Jetzt begriff er es.
Er nahm Lois das Bild aus der Hand, zerknüllte es wieder und ging zum Papierkorb an der Ecke Harris Avenue und Kossuth Lane. »Wir werden irgendwann ein anderes Bild von ihnen bekommen, das wir auf unseren eigenen Kaminsims stellen können. Eins, das nicht ganz so förmlich ist. Aber das hier … das will ich nicht.«
Er warf die kleine Papierkugel in den Mülleimer, ein einfacher Wurf, höchstens zwei Fuß weit, aber genau in diesem Moment nahm der Wind zu, und das zerknüllte Foto von Helen und Natalie, das über dem Höhenmesser von Eds Flugzeug geklebt hatte, flog auf seinem kalten Atem davon. Die beiden sahen ihm fast hypnotisiert nach, wie es zum Himmel hinaufwirbelte. Lois wandte den Blick als Erste ab. Als sie Ralph ansah, umspielte der Hauch eines Lächelns ihre Lippen.
»Habe ich da einen versteckten Heiratsantrag gehört, oder bin ich nur müde?«, fragte sie.
Er machte den Mund auf, um zu antworten, da kam eine zweite Windbö auf, diesmal so stark, dass sie beide zusammenzuckten und die Augen schlossen. Als er sie wieder aufmachte, war Lois schon ein Stück bergauf gegangen.

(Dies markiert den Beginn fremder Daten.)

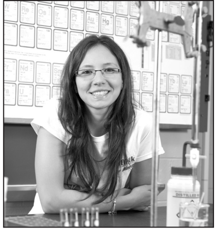
SCCC has a long history of producing award-winning science students.

American Sign Language Studies – A.A.S. Chemical Dependency Counseling – A.A.S. Criminal Justice – A.S. Dietetic Technician – A.A.S. Emergency Medical Technician: Paramedic – A.A.S. Fire Investigation – Cert. Fire Protection Technology – A.A.S. Fitness Specialist – A.S. Health Information Technology/Medical Records – A.A.S. Human Services – A.S. Nursing – A.S. Occupational Therapy Assistant – A.A.S. Physical Therapist Assistant – A.A.S. Practical Nursing – Cert. Veterinary Science Technology – A.A.S.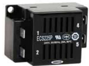
Electronic Centrifugal Switch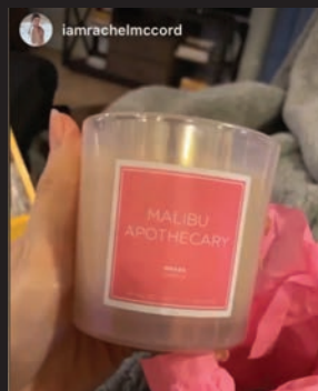
@IAmRachelMcCord Followers: 458K

"Beautiful products" Fran Berger, Lifestyle Influencer

»Alles ist möglich, Lois«, sagte er mit leiser Stimme, nur zu sich selbst. »Das weiß ich jetzt.«
9
Fünf Minuten später klirrte Lois’ Schlüssel im Schloss ihrer Eingangstür. Sie ließ Ralph ein, drückte die Tür fest ins Schloss und sperrte die windige, zänkische Nacht aus. Er folgte ihr ins Wohnzimmer und wäre dort geblieben, aber Lois zögerte nicht. Sie hielt immer noch seine Hand, zog ihn jedoch nicht (hätte es aber möglicherweise getan, sollte er zaudern), und führte ihn in ihr Schlafzimmer.
Er sah sie an. Lois erwiderte seinen Blick gelassen … und plötzlich spürte er dieses Blinzeln wieder. Er sah ihre Aura erblühen wie eine graue Rose. Sie war noch geschwächt, kam aber bereits wieder zurück, wob sich neu, heilte sich selbst.